When he was gone we renewed our ever-returning, perplexing, never-settled question, What shall we do? We could agree on no plans of escape, for all seemed impossible of execution. Yet we did agree in the expediency of opening a communication with the brig. But how to do it was the question.

Our dependence upon the Esquimo growing more humiliatingly absolute every day, pained us. We feared their treachery, of which we already saw some signs. "What shall we do?" was ever repeated.

While thus perplexed, Kalutunah made his appearance. With him were a young hunter, and a woman with a six months' old baby. The little one was wrapped in fox-skin, and thrust into its mother's hood, which hung on her neck behind. It peered out of its hiding-place with a contented and curious expression of face.
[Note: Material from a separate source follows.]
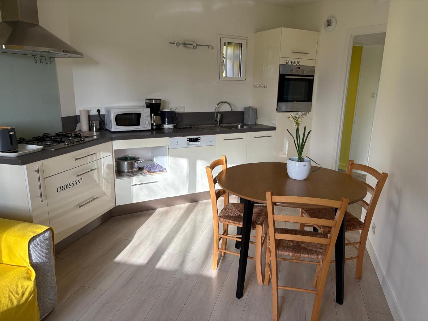 Maison 1 Chambre. Boasting a private entrance, this holiday home also includes 1 bedroom, a seating area and 1 bathroom with a shower and a hairdryer. Guests will find a stovetop, a refrigerator, a dishwasher and kitchenware in the well-equipped kitchen. The holiday home also features a barbecue. Featuring a terrace with garden views, this holiday home also offers a washing machine and a flat-screen TV. The unit has 1 bed.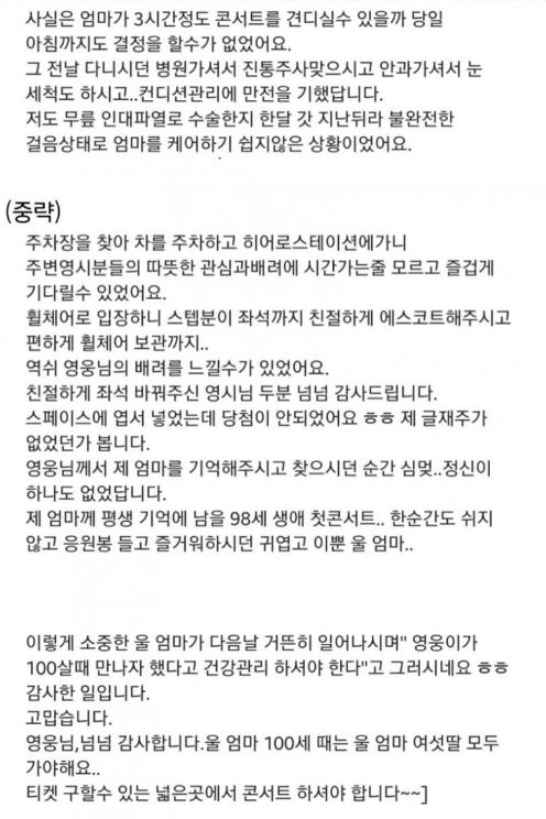 A 씨가 소개하는 이야기에 따르면, 98세의 어머니와 함께 광주에서 열린 임영웅의 콘서트에 참석한 경험이 있습니다. A 씨는 수술 후 한 달이 지나지 않아 아직 무릎이 회복 중이었고, 어머니도 진통주사를 맞아 컨디션을 조절하면서 콘서트에 참석했습니다.

Its mother had come forty miles, sometimes walking over the hummocky way, with the thermometer thirty-eight degrees below zero, with a liability of encountering terrific storms, and all to see the white men and their igloë. Mother and child arrived in good condition.

We conversed with the chief about our plan of going to Upernavik on sledges, and proposed to buy teams of his people, or hire them to drive us there. He received the proposal with a decided dissent, amounting almost to resentment. His people, he said, would not sell dogs at any price; they had only enough to preserve their own lives.

This we knew to be false. We offered a great price, but he scorned the bribe, and talked with an expression of horror about our plan of passing with sledges over the Frozen Sea, as he called Melville Bay.

While we were urging the sale by him of dogs and sledges he looked quizzically at our emaciated forms and sunken cheeks, and turning to the woman with a significant twinkle in his eye, he sucked in his cheeks. She returned the knowing glance, and sucked in her cheeks. This meant: We shall get all the white men's coveted things without paying when we find them starved and dead. This was a comforting view of the case—for them.

We dropped the plan of going south, and proposed to the chief to carry some of our party to the ship. This he readily assented to, and said at least four sledges should go with Petersen, if to each driver should be given a knife and piece of wood. We closed the bargain gladly, and Petersen was to start in the morning.

Guests and entertainers now sought rest. We gave the mother and child our bed in the corner. This was to us a self-denying act of courtesy, compelled by policy. We had usually given a good distance between us and such lodgers on account of certain specimens of natural history which swarmed upon their bodies, which, though starving, we did not desire. But to put her in a meaner place would be a serious affront, for which we might be obliged to pay dearly.

About midnight voices were heard outside, and soon our young lover, the boy-hunter, entered, accompanied by a widow who was neither young, nor beautiful. The hut was in instant confusion. There was but little more sleep for the night, which was peculiarly hard on Petersen, who was to start in the morning on his long journey.

We had no food with which to treat our guests, which they saw, and so supped upon the provisions which they brought. The widow ate raw young birds, of which she brought a supply saved over from the summer. The Angekok had decided that her husband's spirit had taken temporary residence in a walrus, so she was forbidden that animal. She chewed choice bits of her bird and offered them to us. We tried politely to decline the kindness, but our refusal plainly offended her.